Nyquist Plots are a way of showing frequency responses of linear systems. There are several ways of displaying frequency response data, including Bode' plots and Nyquist plots.

Bode' plots use frequency as the horizontal axis and use two separate plots to display amplitude and phase of the frequency response.Nyquist plots display both amplitude and phase angle on a single plot, using frequency as a parameter in the plot.Nyquist plots have properties that allow you to see whether a system is stable or unstable. It will take some mathematical development to see that, but it's the most useful property of Nyquist plots.

Nyquist Plots were invented by Nyquist - who worked at Bell Laboratories, the premiere technical organization in the U.S. at the time. He was interested in designing telephone amplifiers to be placed in ocean-floor cables. In those days, between the first and second world wars, undersea cables were the only reliable means of intercontinental communication.

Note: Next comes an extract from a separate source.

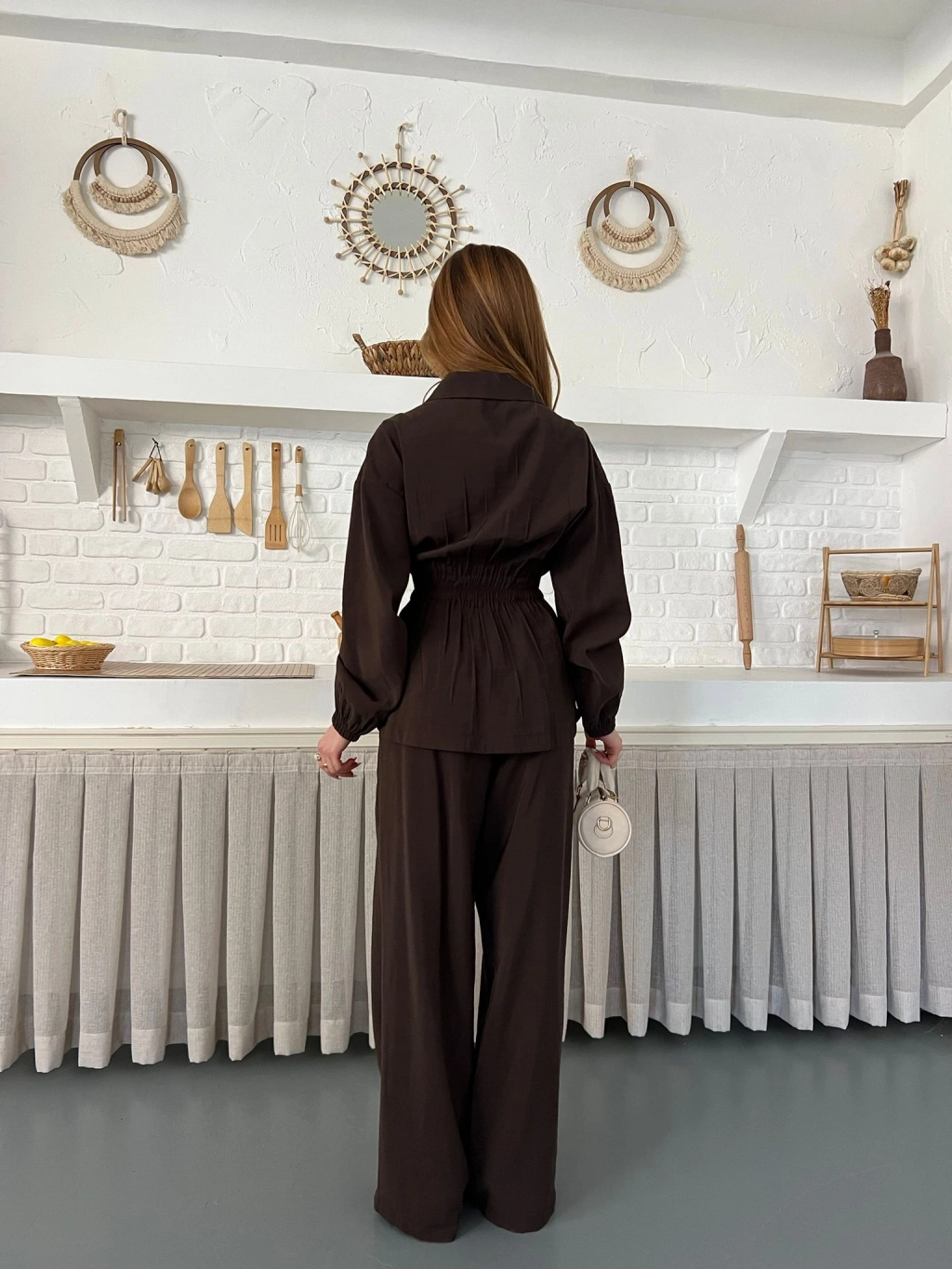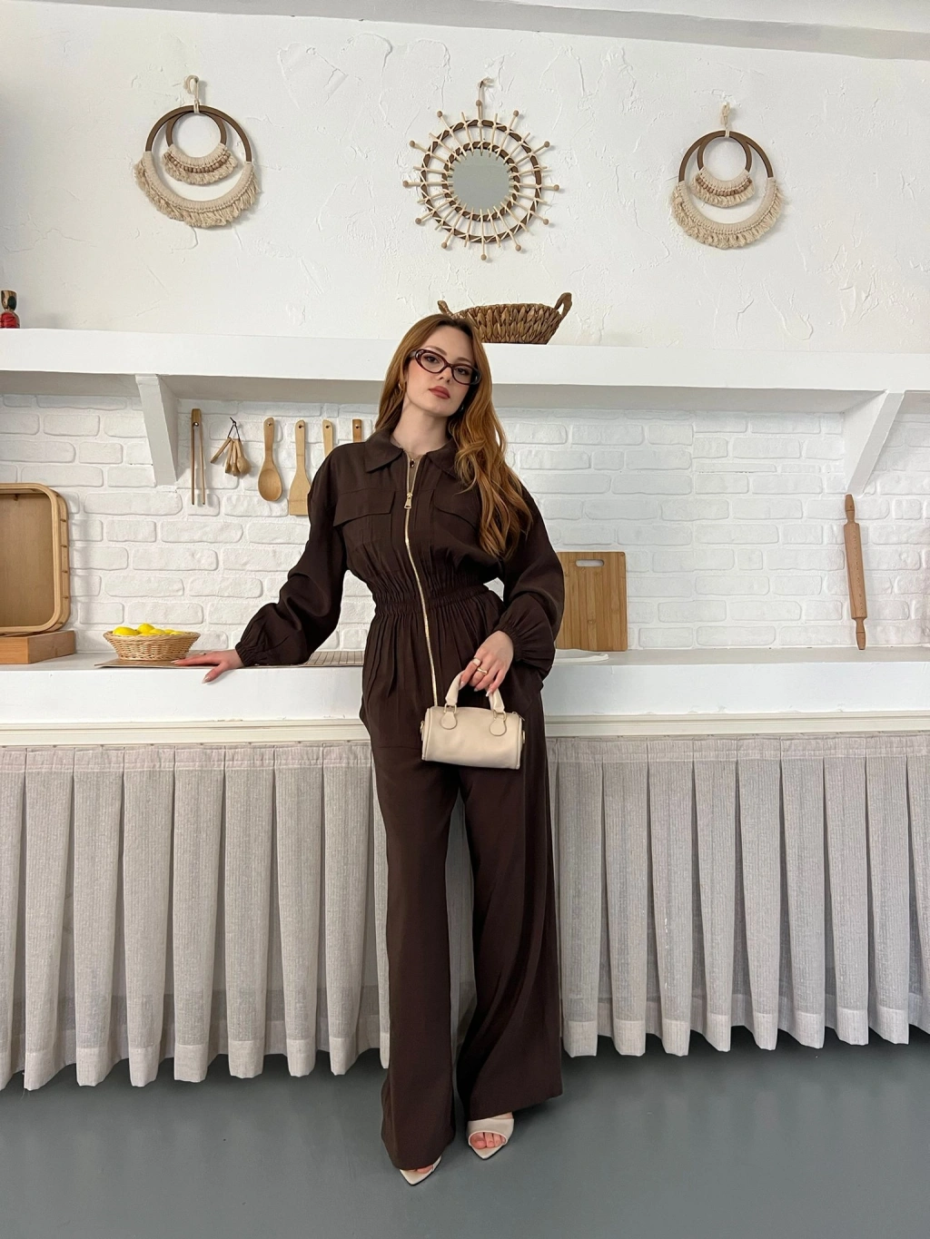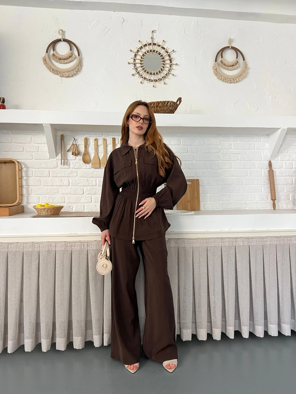 Çift Fermuar Detaylı Bel Büzgülü Modal Takım Kahve

Undersea telephone cables needed to be reliable, and to have a constant gain that did not change as the amplifier aged. In those days, electronic amplifiers were constructed with tubes, and tubes had gains that could change dramatically as they aged.

The solution to the aging problem was to design feedback amplifiers. However, those amplifiers could become unstable. One morning - going to work on the Staten Island ferry, before the Verrazano Narrows bridge - Nyquist had an inspiration, and wrote his work, literally, on the back of an envelope as he rode.

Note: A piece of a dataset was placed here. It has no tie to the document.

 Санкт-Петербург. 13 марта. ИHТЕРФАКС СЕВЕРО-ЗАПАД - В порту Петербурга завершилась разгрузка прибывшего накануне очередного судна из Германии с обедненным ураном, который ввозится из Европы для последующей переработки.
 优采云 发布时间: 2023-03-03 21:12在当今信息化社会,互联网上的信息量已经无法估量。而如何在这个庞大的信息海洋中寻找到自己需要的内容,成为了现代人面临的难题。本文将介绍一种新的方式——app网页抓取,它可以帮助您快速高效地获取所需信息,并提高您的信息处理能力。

**A Nyquist plot is a polar plot of the frequency response function of a linear system.**

**That means a Nyquist plot is a plot of the transfer function, G(s) with s = jw. That means you want to plot G(jw).**

**G(jw) is a complex number for any angular frequency, w, so the plot is a plot of complex numbers.**

**The complex number, G(jw), depends upon frequency, so frequency will be a parameter if you plot the imaginary part of G(jw) against the real part of G(jw).**

An example of a Nyquist plot will illustrate what a Nyquist plot is.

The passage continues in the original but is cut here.